**Non-Calculus
Derivation for the Energy-Equation for a book falling off a Table**

Because the acceleration is constant, when we drop the book, it begins to fall (downwards) and its velocity increases (in the negative direction, if up is defined as the positive direction) in a simple linear way with time:

v = - g t

In other words, the
velocity's magnitude increases proportionally with time t, and the
proportionality constant is simply "g", the acceleration of gravity,
by *definition*. For example, given that the acceleration g is about 10
meters per second squared, then after 1 second, the velocity is 10 meters per
second, after 2 seconds its 20 meters per second, after 3 seconds its 30 meter
per second, and so on.

Thus you can see that
this simple formula gives the *instantaneous*, or *momentary* value of
the book's velocity at any given time t you choose.

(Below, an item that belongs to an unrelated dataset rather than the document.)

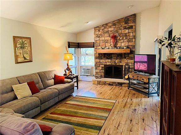 Picturesque Tranquility in all Seasons! Serenely nestled amid vibrant lush trees and tightly serpentined by elevated wrap deck overlooking natural beauty and whispering creek is this spectacular one-of-a kind aspen-inspired ranch inviting complete relaxation. Showcasing unforgettable architectural appeal w/dramatic wood-adorned cathedral ceiling in the sprawling DR accented by soaring floor-to-ceiling 360 exposed brick fp and illuminated by sensational wall-of-glass that invites without interruption the outdoors in. Vaulted sunken LR anchored by log stone 2nd fp adjoins a beamed cathedraled den which soaks in stunning visuals of the DR through rustic interior window and alluring outdoors through a 2nd wall of glass w/deck access. Rich-hued natural oak kit efficiently designed for cozy appeal boasts intimate seating and fp views. Awake everyday in the MBR w/ensuite bath capturing views of surrounding park-like privacy that are only steps away. Expansive walkout LL w/GR,3rdfp,4thBr

Now, most people are familiar with the notion that "distance equals velocity times time":

Distance = Velocity x Time

So, you might suppose that we could write:

h = h_{initial}
+ v t

Here, we are using
"h" for distance, which in this case refers to the "height",
or distance of the book above the ground. The symbol "h_{initial}"
represents the initial height of the book (which is a constant).

This is *almost *correct,
but strictly speaking, this formula only holds if the velocity in question is
either *constant* (which is not true in our case), or alternatively, its
true if we use the *average* velocity v_{avg } that the book
had during any particular time *interval* from t=0 till time t=t_{final}.
Hence we should really write:

h = h_{initial}
+ v_{avg }t_{final},

where v_{avg }
is the average velocity that corresponds to the particular value of t_{final }used.

So how do we calculate
v_{avg}?_{ }This is the crucial step! (Its exactly here that we
really avoid the tools of calculus).

Because the *instantaneous*
velocity is given by v = g t (from above), a nice linear relationship, it
follows that the *average* velocity v_{avg
}for the interval ending at t=t_{final } must equal to the
velocity at the *mid-point* of the time interval (at t = 1/2 t_{final }):

v_{avg }= - g
x ( 1/2 t_{final }) = - 1/2 g t_{final }

Putting this back into our formula for h above, we obtain:

h = h_{initial}
+ v_{avg }t_{final} = h_{initial} + (- 1/2 g t_{final
}) x t_{final}

or,

h = h_{initial}
- 1/2 g (t_{final})^{2}

So now we have figured out some really
significant - that the books height decreases according to the *square* of
the time. This is exactly what always occurs to a position variable for
something under *constant* acceleration.

Now you can actually begin to
understand the energy equation above, that is, ** Total Energy
= m g h + 1/2 m v ^{2 }= **

Now, to actually get the energy
equation, we just rearrange our new formula (h
= h_{initial} - 1/2 g (t_{final})^{2}),
and also a formula relating t_{final
}and v, (that is, v = g t_{final
}) to eliminate the explicit appearance of
t_{final }in the
equation.

First, we move the
term containing t_{final }to the left side (for those who want rigor,
this is accomplished by *adding* 1/2 g (t_{final})^{2} to
both sides). We obtain:

h + 1/2 g (t_{final})^{2
}= h_{initial}

Now note that we have

v = - g t_{final }

(This is just the
formula for the instantaneous velocity, as above, at the particular time t_{final
.})

We can rearrange this to read:

t_{final }=
- v_{avg }/ g.

Substitute this
expression into h + 1/2 g (t_{final})^{2 }= h_{initial},
we obtain:

h + 1/2 g (- v_{avg
}/ g)^{2 }= h_{initial}

We're almost there!

The second term simplifies:

1/2 g ( - v_{avg }/
g)^{2 } = 1/2 (v_{avg})^{2
}/ g

(Note that the -1 dissappears because it gets squared)

Now our equation now reads:

h + 1 / 2 (v_{avg})^{2
}/ g = h_{initial}

Now we simply multiply both sides through by mg (just the mass times acceleration - a constant), to get

m g h + 1/2 m v^{2
}= m g h_{initial}

This is our hard-earned energy equation! Note that the right hand side is a constant - its the initial potential energy (which equals the total potential energy).